3.1. Allowing Duplicates

Adding a duplicate item is allowed for a List. However, it isn’t for a Set:

@Test
public void givenList_whenDuplicates_thenAllowed(){
    List<Integer> integerList = new ArrayList<>();
    integerList.add(2);
    integerList.add(3);
    integerList.add(4);
    integerList.add(4);
    assertEquals(integerList.size(), 4);
}
@Test
public void givenSet_whenDuplicates_thenNotAllowed(){
    Set<Integer> integerSet = new HashSet<>();
    integerSet.add(2);
    integerSet.add(3);
    integerSet.add(4);
    integerSet.add(4);
    assertEquals(integerSet.size(), 3);
}

3.2. Maintaining Insertion Order

A Set maintains order depending on the implementation. For example, a HashSet is not guaranteed to preserve order, but a LinkedHashSet is. Let’s see an example of ordering with LinkedHashSet:

@Test
public void givenSet_whenOrdering_thenMayBeAllowed(){
    Set<Integer> set1 = new LinkedHashSet<>();
    set1.add(2);
    set1.add(3);
    set1.add(4);
    Set<Integer> set2 = new LinkedHashSet<>();
    set2.add(2);
    set2.add(3);
    set2.add(4);
    Assert.assertArrayEquals(set1.toArray(), set2.toArray());
}

Since a Set is not guaranteed to maintain order, it can’t be indexed.
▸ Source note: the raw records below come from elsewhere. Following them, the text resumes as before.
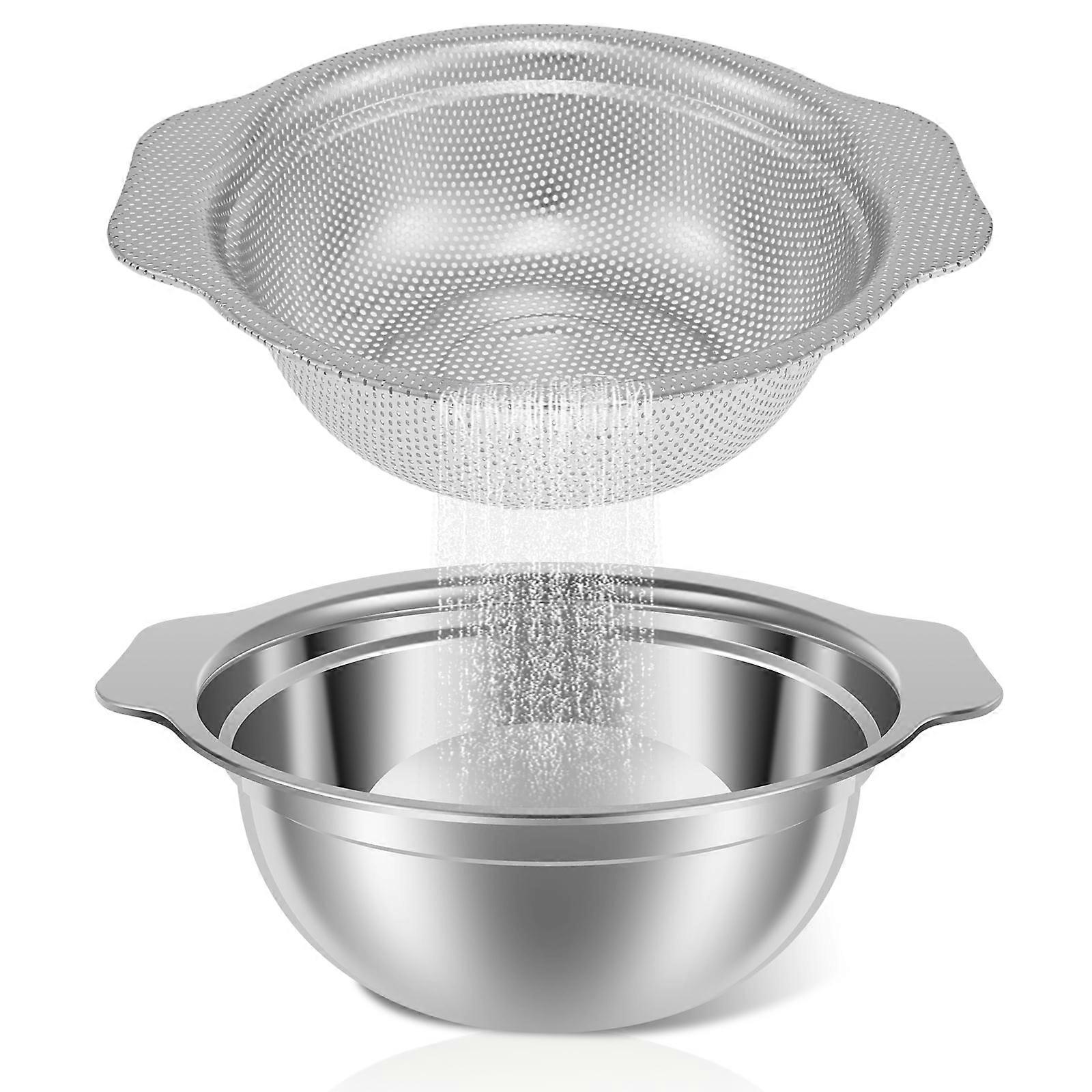4Pcs Stainless Steel Colander Set with Mixing Bowl, Microporous Strainers for Fruits, Vegetables, Pasta - Compatible with Wekvgz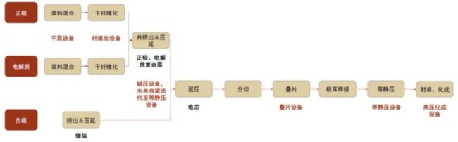 从生产工艺来看,固态电池同样分为前段(电极制造)、中段(电芯装配)、后段(电芯封装和检测),很多研报也将产业简单分为了材料端和设备端。但无论是哪种划分,每一个环节的技术突破,最终的目的都是要实现降本。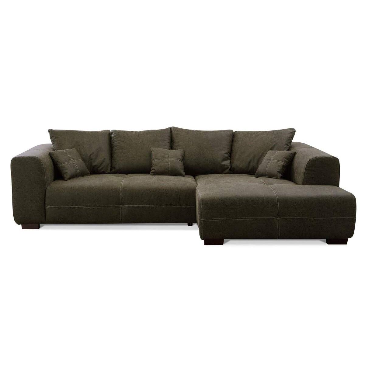 Cavadore Mavericco – Moderne Wohnzimmermöbel mit Liebe zum Detail Ob als Big Sofa oder als Ecksofa, die Polstergarnitur Mavericco besticht mit einer aufwendigen Verarbeitung und einem zeitlosen Design. Ein passender Hocker ist ebenfalls erhältlich.Eigenschaften:Modernes Polsterprogramm mit aufwendiger Verarbeitung und hoher QualitätMikrofaser mit Prägung in Lederoptik mit Zweinadel-Steppung in einem beigen KontrastgarnFrei im Raum stellbarMaterialien:Bezogen mit strapazierfähiger Mikrofaser „Taurus“ in Büffellederoptik (100 % Polyester)Gestell: Massivholz und SpanplattenPolsterung Sitz: Wellenunterfederung, Filz, PUR-Schaum, WatteabdeckungPolsterung Rücken: Gummigurte, PUR-Schaum, Watteabdeckung, alle Elemente Rücken echtFuss: Holzfüsse in Buche Antik nussbaumfarben Masse Ecksofa:Breite: ca. 285 cm Höhe: ca. 69 cm (mit Rückenkissen ca. 88 cm)Tiefe: ca. 170 cmSitzhöhe: ca. 42 cmSitztiefe: ca. 62 cmPflegehinweise:Sorgfältig entstaubenMit einem weichen, sauberen, feuchten Tuch und leichter Seifenlauge reinigenNicht zu nass abwischenReinigen ohne Scheuermittel wie Pulver, Stahlwolle oder LösungsmittelMontageanleitung ist beigefügt.Lieferumfang: Cavadore 503 - Ecksofa Mavericco mit Kontrastnaht in Beige, davorstehend: Sofa 3-sitzig links, Longchair rechts / Inkl. 4 Rückenkissen (65 x 55 cm) und 3 Zierkissen (35 x 35 cm) im Polsterstoff / Nussbaumfarbene Holzfüsse in Buche Antik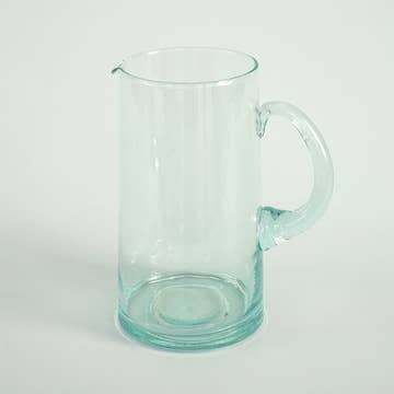 Vores halvkaraffel er perfekt til hældning. Men stop ikke der - dens eklektiske, boblede rygfunktion gør det til et utraditionelt kar til opbevaring af alt fra køkkenredskaber til tørret pasta til farverige buketter. Skift det op, eller få begge dele for uendelige muligheder. På grund af den håndlavede karakter af vores produkter er hvert et kunstværk; et enestående stykke med små variationer i farve, tekstur og form. Vores glasvarer er håndblæst i Marrakesh og lavet af genbrugsglas. Bæredygtighed har aldrig set så godt ud. Detaljer: Fås i tonet Crystal Clear Blue. Størrelse: __________ Vedligeholdelsesvejledning: Tåler opvaskemaskine og mikrobølgeovn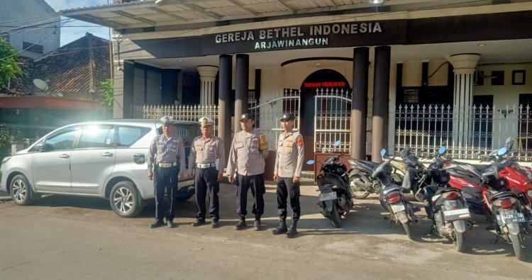 CIREBON - Menjaga kondusivitas wilayah hukum Polsek Arjawinangun aman kondusif serta memberikan rasa aman kepada umat Kristiani yang sedang ibadah, Anggota Polsek Arjawinnagun melaksanakan pengamanan kegiatan Ibadah Kebaktian di Gereja GBI Arjawinangun.Adapun langkah tersebut merupakan bentuk komitmen Polri dalam menjamin kebebasan beragama dan menjaga kerukunan umat beragama di wilayah hukum Polsek Arjawinangun. Minggu, 19/04/2026 Kapolsek Arjawinangun Polresta Cirebon mengatakan, bahwa pengamanan rutin di tempat-tempat ibadah, khususnya saat pelaksanaan Ibadah Minggu, merupakan bentuk pelayanan Polri kepada masyarakat dan Hal ini bertujuan untuk memastikan seluruh rangkaian ibadah berjalan lancar, aman, dan tanpa gangguan apapun sehingga tercipta Kamtibmas yang kondusif khususnya di Wilkum Polsek Arjawinangun.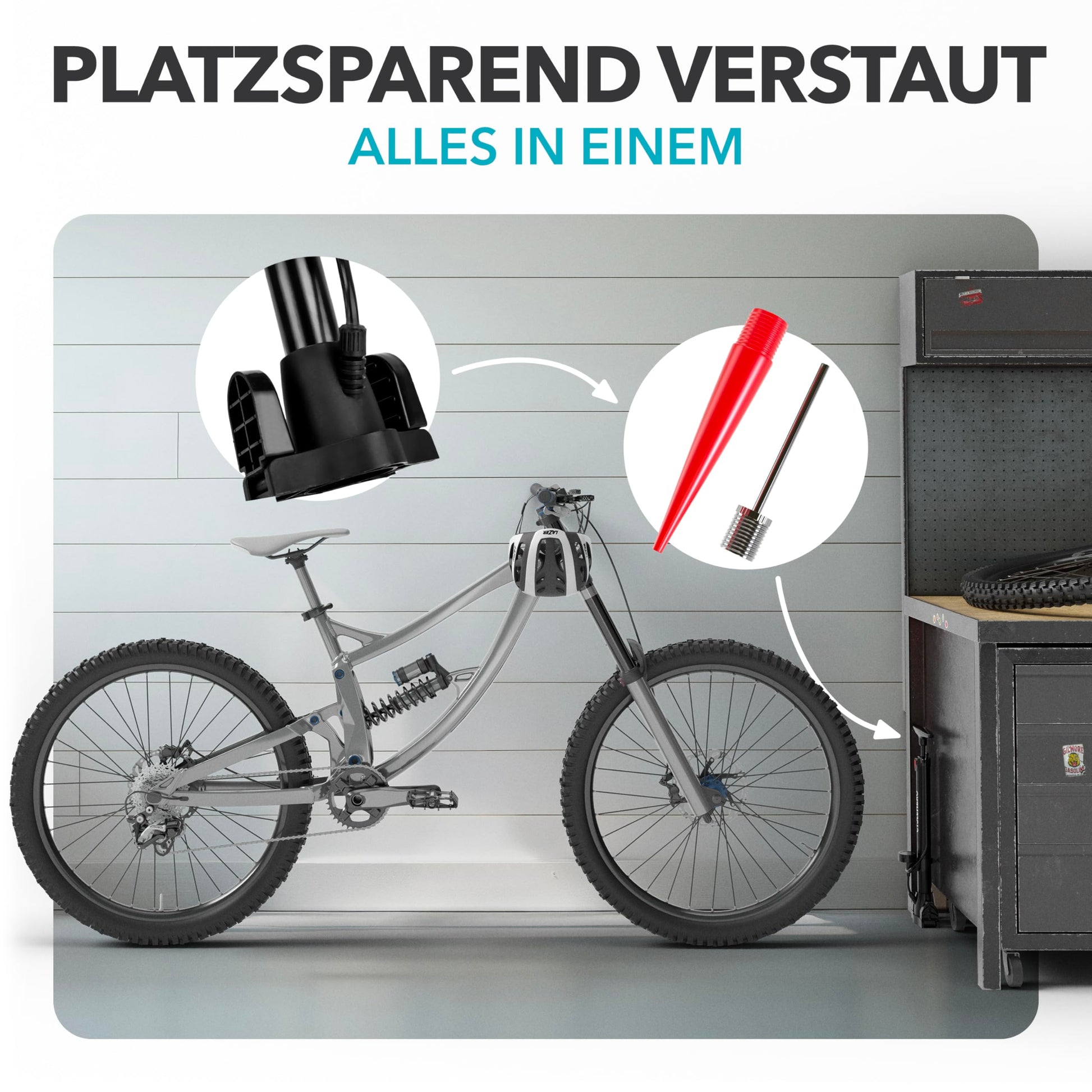 "✅ ABSOLUTELY STABLE: Exclusive comfort with a 25cm wide base & ergonomically shaped 22cm wide handle. Store the flexible 65cm hose & adapter directly on the bike pump.

4. Performance Comparison Between List and Set

Let’s compare the performance of the List and Set data structures using the Java Microbench Harness (JMH). First, we’ll create two classes: ListAndSetAddBenchmark and ListAndSetContainBenchmark. Then, we’ll measure the execution time for add() and contains() methods for the List and Set data structures.

4.1. JMH Parameters

We’ll execute the benchmark tests with the following parameters:

@BenchmarkMode(Mode.SingleShotTime)
@Warmup(iterations = 3, time = 10, timeUnit = TimeUnit.MILLISECONDS)
@Measurement(iterations = 3, time = 10, timeUnit = TimeUnit.MILLISECONDS)
public class ListAndSetAddBenchmark {
}

In the class above, we specify the mode of the benchmark. The @BenchmarkMode(Mode.SingleShotTime) annotation sets the mode in which the benchmark is to be run. In our example, the mode is SingleShotTime, which means that the benchmark will run once and measures the time it takes to execute.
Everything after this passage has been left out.